** Opening Study material block **

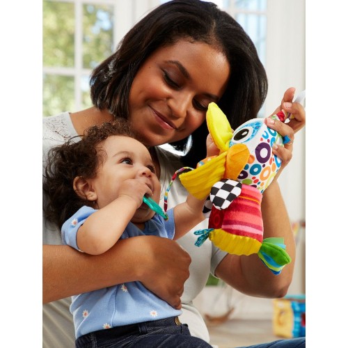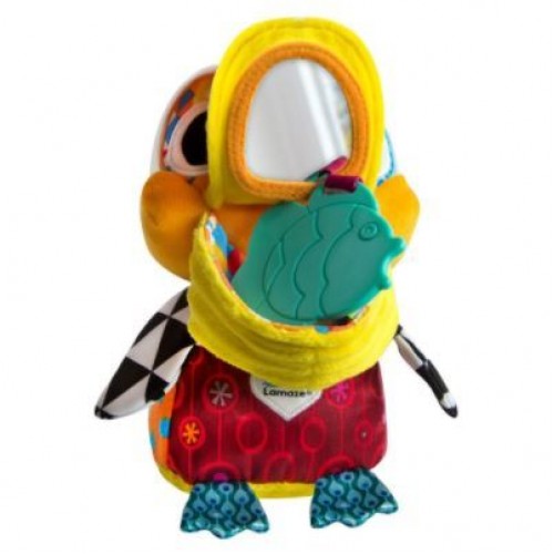 The filled toy Pelican Philip - colorful fun. The pelican's opening opens when he presses his belly. You can play by putting and removing the fish from his cheek. Safe play mirror and facial recognition. Shaking sounds for hearing development. Numerous textures for tactile development. Bright contrasting colors, plenty of textures, and loud sounds help the baby explore it.
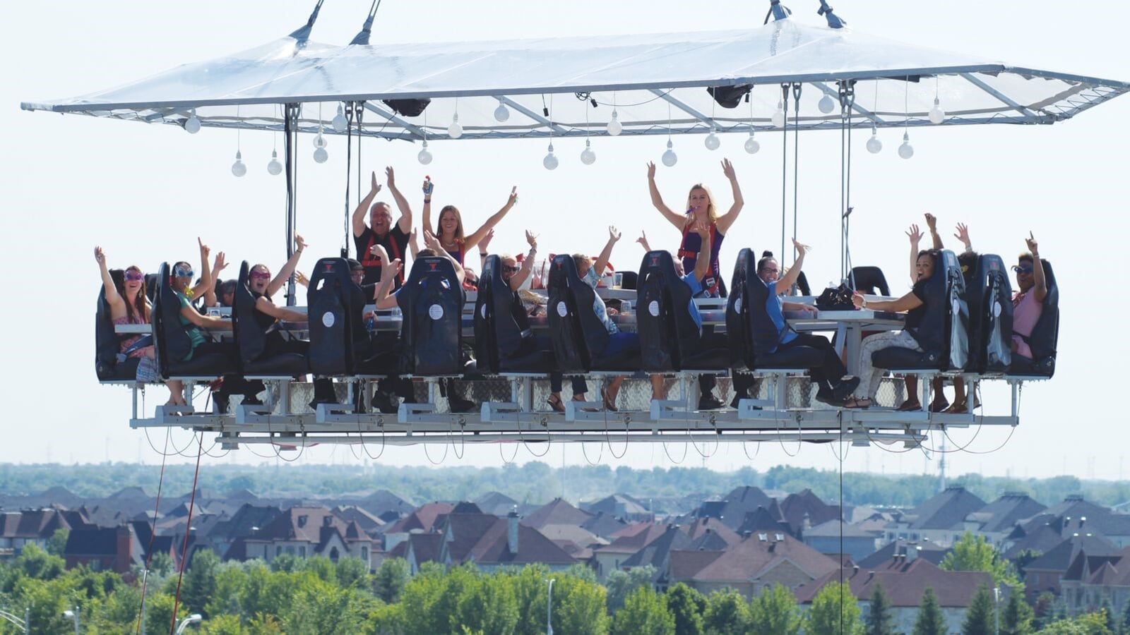 The dinner table, suspended by a crane, can hold as many as 22 strapped-in guests at one time, all of whom will be treated to 360-degree-views of the CNE midway while being treated to dishes from a “Chef’s Table.”
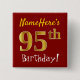 Detta enkelt kvadrerar knäppas designsärdrag en meddelandenågot liknande"NameHeres 95th födelsedag! " med "95th" ha en look för faux-/efterföljdguld-något liknande färgläggning, på en röd kulör bakgrund. Namn kan vara personligen. Knäppas något liknande som dessa kunde kanske ha på sig av gäster på en födelsedagsfest för någon, som firar deras femte födelsedag för nittio, var partyet rymms i ett stort område med raddor annat folk gåva (liksom en stad, parkera eller ett nöjesfält). [~Z0000163]
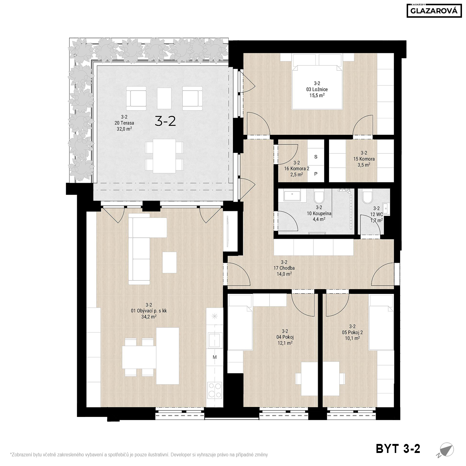 Zobrazený půdorys bytu, včetně zakresleného vybavení a spotřebičů, je pouze ilustrativní. Prodávající si vyhrazuje právo na případné změny.
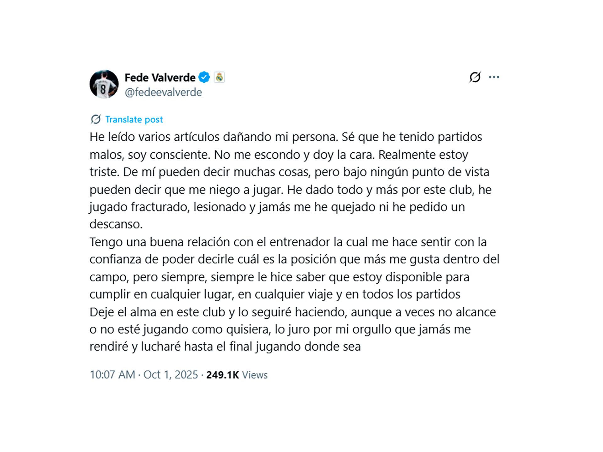 A pesar de los cuestionamientos sobre su uso fuera de posición, Valverde fue enfático respecto a su disposición para ayudar al equipo donde sea requerido: “Si lo digo, pueden tomarme de mentiroso. Pregunten al entrenador, siempre he dicho que estoy a disposición del equipo. Nunca me he negado a jugar en ninguna posición, siempre doy lo mejor de mí en cualquier sitio. Con Ancelotti, con Zidane y con Xabi. Siempre di mi opinión, el que juega de titular tiene que abrazar esa oportunidad como si fuese la última. Nunca me negué, es raro que salga algo así. Es un privilegio jugar en el Madrid, lo dejo claro. Pueden preguntar a otros compañeros o al entrenador. Siempre estoy para el equipo y siempre voy a morir por el Real Madrid”, subrayó el uruguayo.
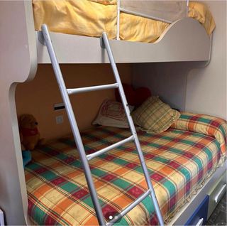 Cama litera con un diseño funcional y moderno. - Estructura robusta. - Incluye escalera de acceso. - Colores vivos en la ropa de cama.
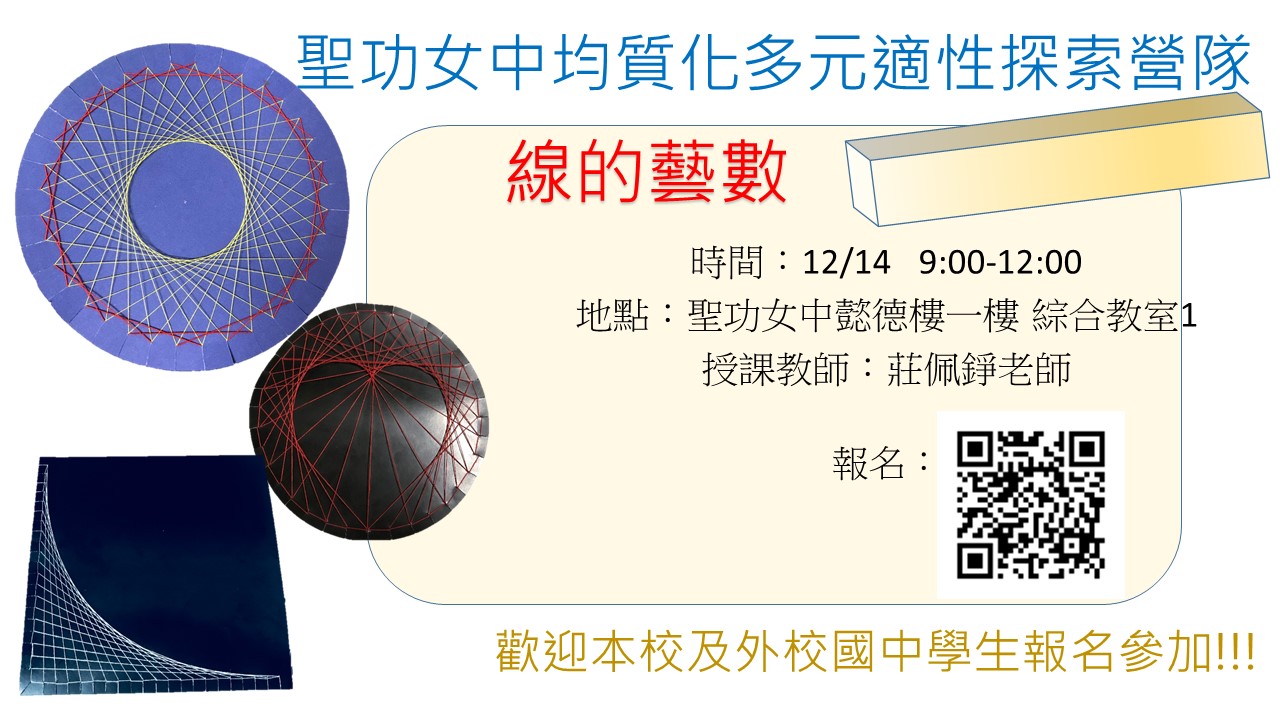 主旨:檢送本校 108 學年度高級中等學校適性學習社區教育資源均質化實施方案-多元適性探索營隊-線的藝數,敬請貴校轉知學生踴躍參與,營隊課程如說明,請查照。
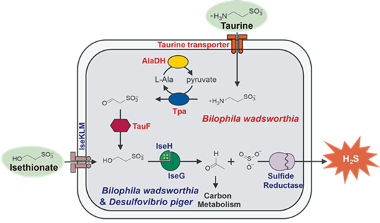 The carbon-sulfur bond in taurine is extremely strong, and cleavage of taurine to release the sulfur atom generally requires harsh reaction conditions and molecular oxygen. In this study, researchers have found that certain gut bacteria, which live in the absence of oxygen, can carry out taurine cleavage using a new chemical mechanism involving free radicals. This mechanism explains the decades-old mystery of how anaerobic bacteria are able to metabolize taurine and related sulfur-containing molecules in the absence of oxygen.
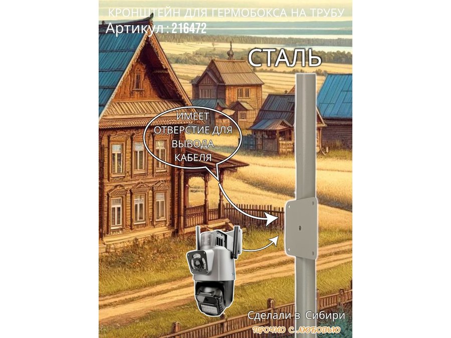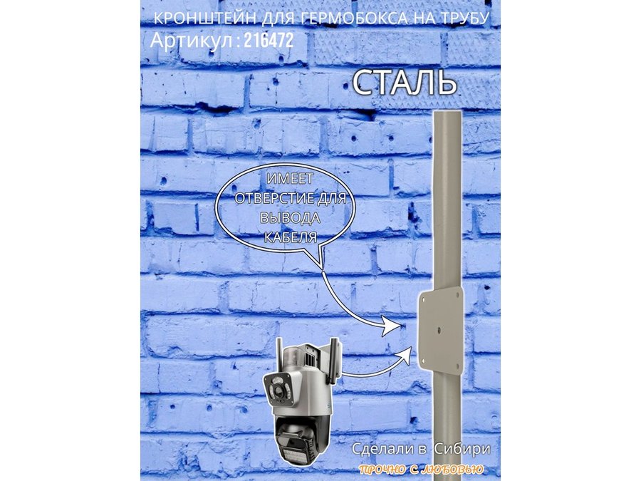 - Кронштейн позволяет быстро зафиксировать гермобокс с видеокамерой на трубу.
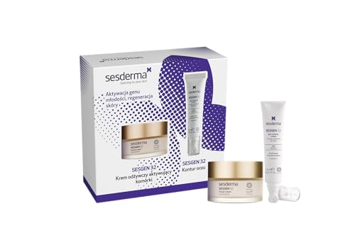 Sesderma SESGEN 32 presentset – cellaktiverande anti-aging ansiktskräm 50 ml ögonkräm 15 ml – med teprenon, hyaluronsyra och DMAE – regenererande vård för strålande hud
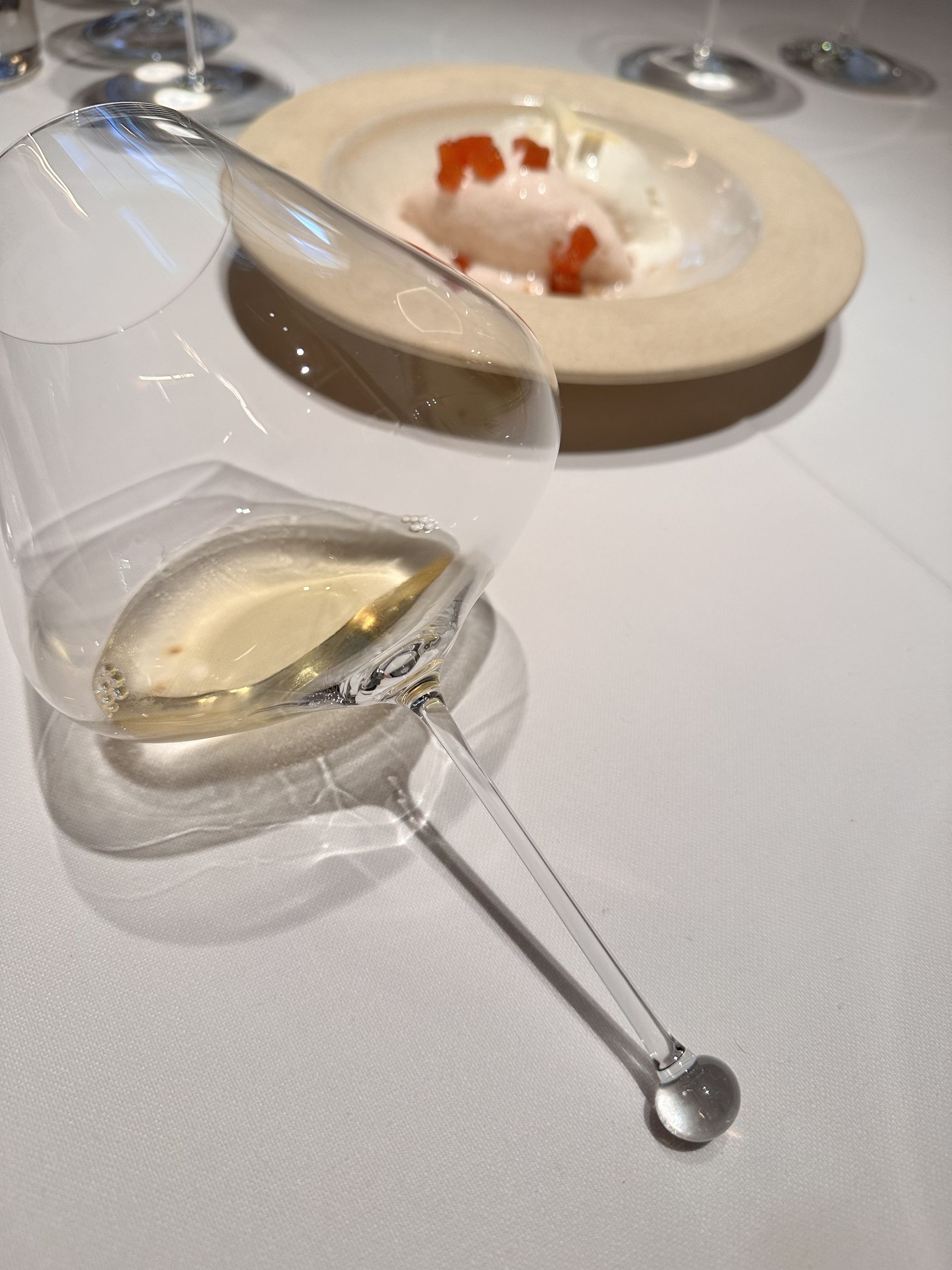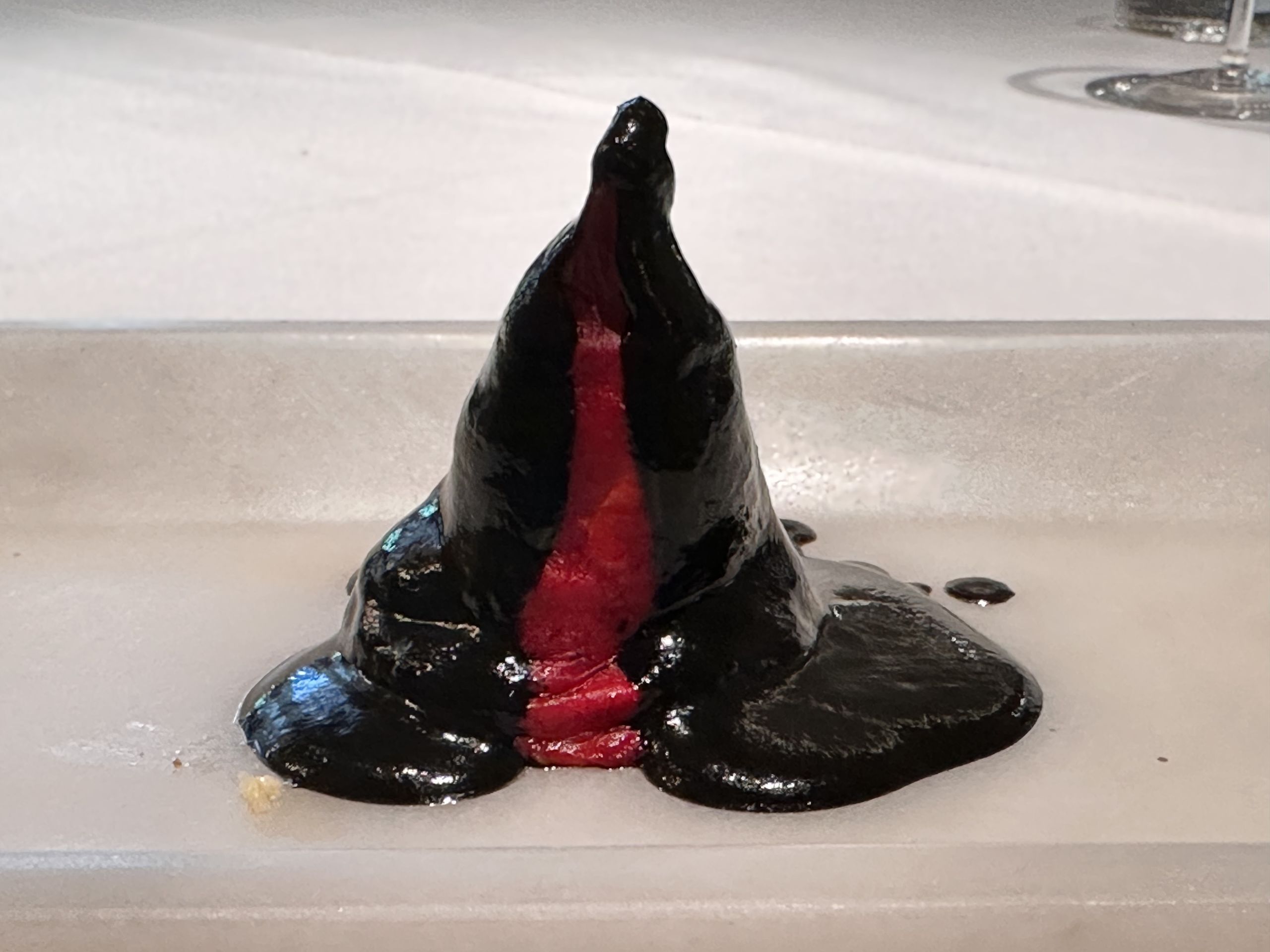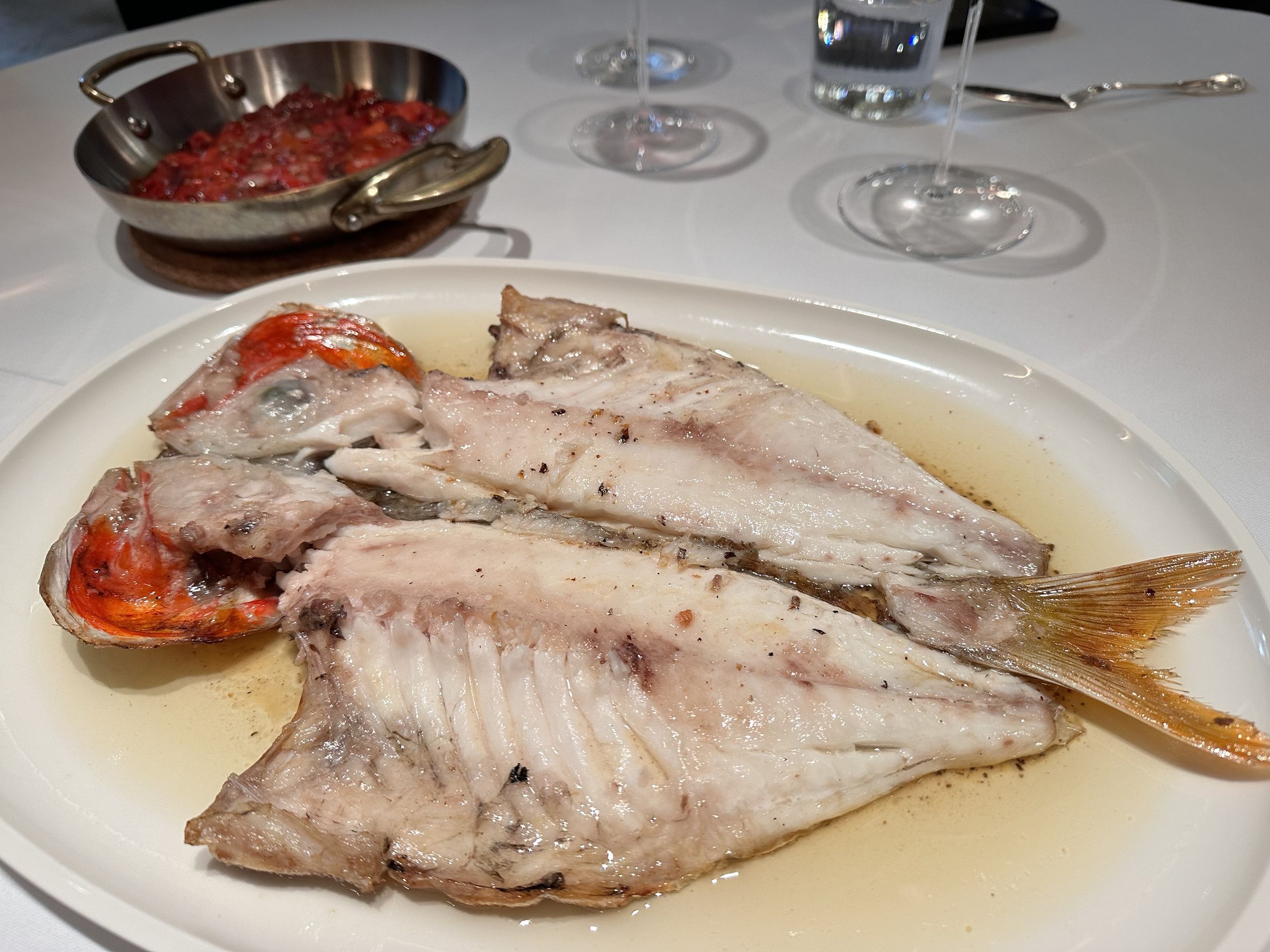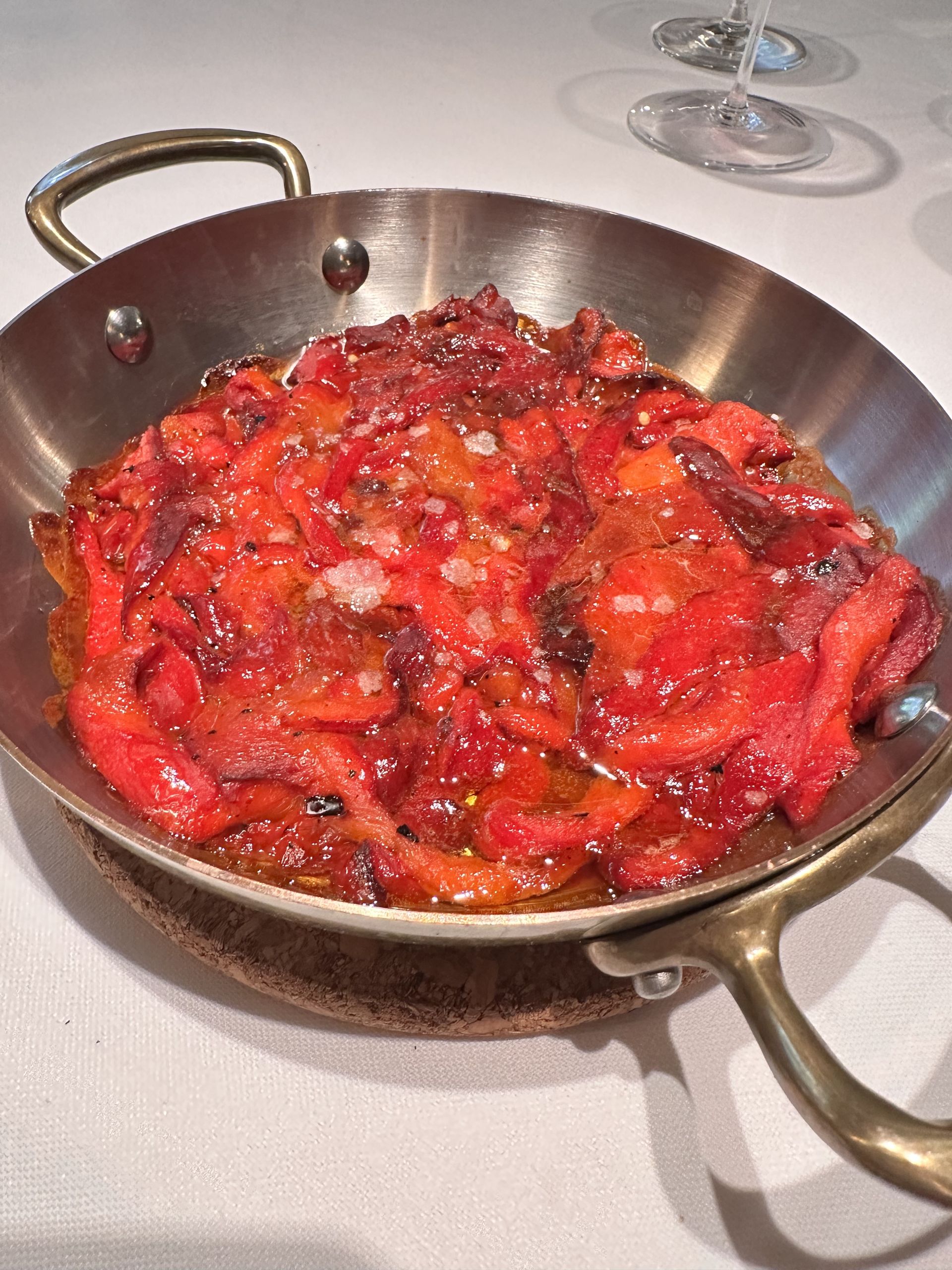 El besugo del Cantábrico es descomunal. Con una emulsión de su propio jugo y un toque de vinagre de manzana, aceite y sal que acompaña de una forma extraordinaria. Como los increíbles pimientos de Calahorra, también asados a la brasa y con un sabor que no se olvida.

** Closing Study material block **

With all pictures removed, reproduce the lines from the top of the entries above through the line containing "The dinner table, suspended", exactly as written.

> **Answer to the exercise**:
 The filled toy Pelican Philip - colorful fun. The pelican's opening opens when he presses his belly. You can play by putting and removing the fish from his cheek. Safe play mirror and facial recognition. Shaking sounds for hearing development. Numerous textures for tactile development. Bright contrasting colors, plenty of textures, and loud sounds help the baby explore it.
 The dinner table, suspended by a crane, can hold as many as 22 strapped-in guests at one time, all of whom will be treated to 360-degree-views of the CNE midway while being treated to dishes from a “Chef’s Table.”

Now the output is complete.